The core slider is roughly classified into three types, depending upon the position and number of the yoke portion or portions bonded to the slider body. The first type has one yoke portion (track portion) which is positioned in the middle of a distance between two air bearing portions. The second type has one yoke portion (track portion) which is formed so as to extend from one end of one of two air bearing portions. The third type has two yoke portions (track portions) each formed so as to extend from one end of the corresponding one of the two air bearing portions. In these three types of core slider, only one yoke portion (track portion) is used for writing (storing) and reading (reproducing) information on and from a magnetic disk, even where two yoke portions are provided.
The third type of core slider having two yoke portions, as well as the first and second types having only one yoke portion, is adapted such that one of the yoke portions is used to effect information writing and reading operations, and the other yoke portion is not associated with the information writing and reading operations. Namely, one of the two yoke portions cooperates with the slider body to form a track portion in which is open an information writing and reading magnetic gap.

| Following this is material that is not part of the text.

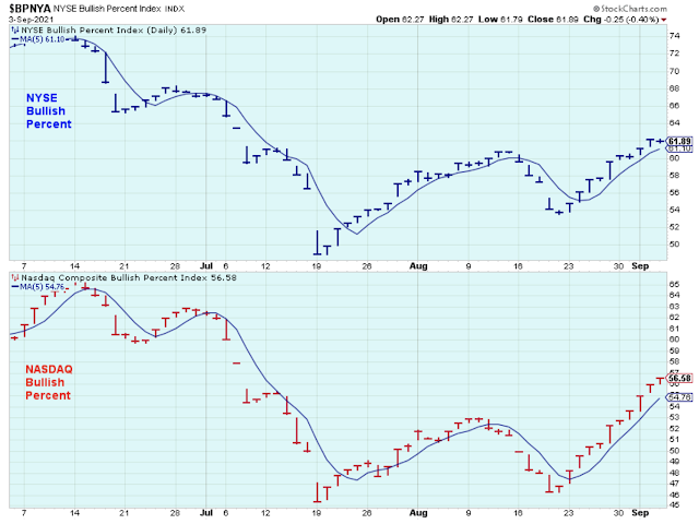 The bullish percents continue to climb higher, although the Nasdaq bullish percent is subtly stronger than the NYSE. The Nasdaq has been consistently closing at the top of the daily range, whereas the NYSE has had a few wobbly days. I like that both bullish percents have exceeded their August peaks.

In the known core slider, therefore, the writing and reading track portion formed between the yoke portion and the slider body should be constructed so as to provide acceptable characteristics in both reading and writing operations, even where the two yoke portions are provided. In other words, the core slider does not exhibit excellent "off-track" characteristics not only in the information reading from a magnetic disk, but also in the information writing on the magnetic disk.
In the RDD or rigid magnetic disk drive, an exclusive magnetic head is not provided, and new information is written over the previously stored or written information. Therefore, when new information is written over the previous information while the magnetic disk is in a floating or "off-track" condition with respect to the core slider, the previous information may be partially left unerased as undesirable remnant signals, which create noises upon reproduction of the newly stored information. This may lead to a lowered S/N ratio of the magnetic head, and an information reading error. To avoid the remnant signals, it is desirable that the writing width of the core slider be sufficiently larger than the reading width, so that the previous information may not be read, even if remnant signals may be left.
In the known core slider wherein a common track (track portion) is used for both writing and reading purposes, however, the writing width cannot be made sufficiently larger that the reading width, and the remnants cannot be effectively avoided. Thus, the S/N ratio, or the so-called "off-track" operating characteristics of the core slider cannot be sufficiently improved.
Where information writing and reading operations are effected by respective magnetic gaps, an optimum ratio of the size or length of the information writing magnetic gap in the longitudinal direction of the track to that of the information reading magnetic gap varies depending upon the coercivity of a recording medium, the thickness of the magnetic layer and the recording wavelength. Generally, the size of the writing magnetic gap should preferably be larger than that of the reading magnetic gap. However, where the same maganetic gap is used for both reading and writing operations, the size of the gap is determined so as to provide a compromise or balance between the reading and writing characteristics. In this case, it is difficult to make the best use of the properties or characteristics of the recording medium, and therefore difficult to obtain a sufficiently high density of information storage per unit area of the recording medium. This means a relatively low storage capacity of the medium.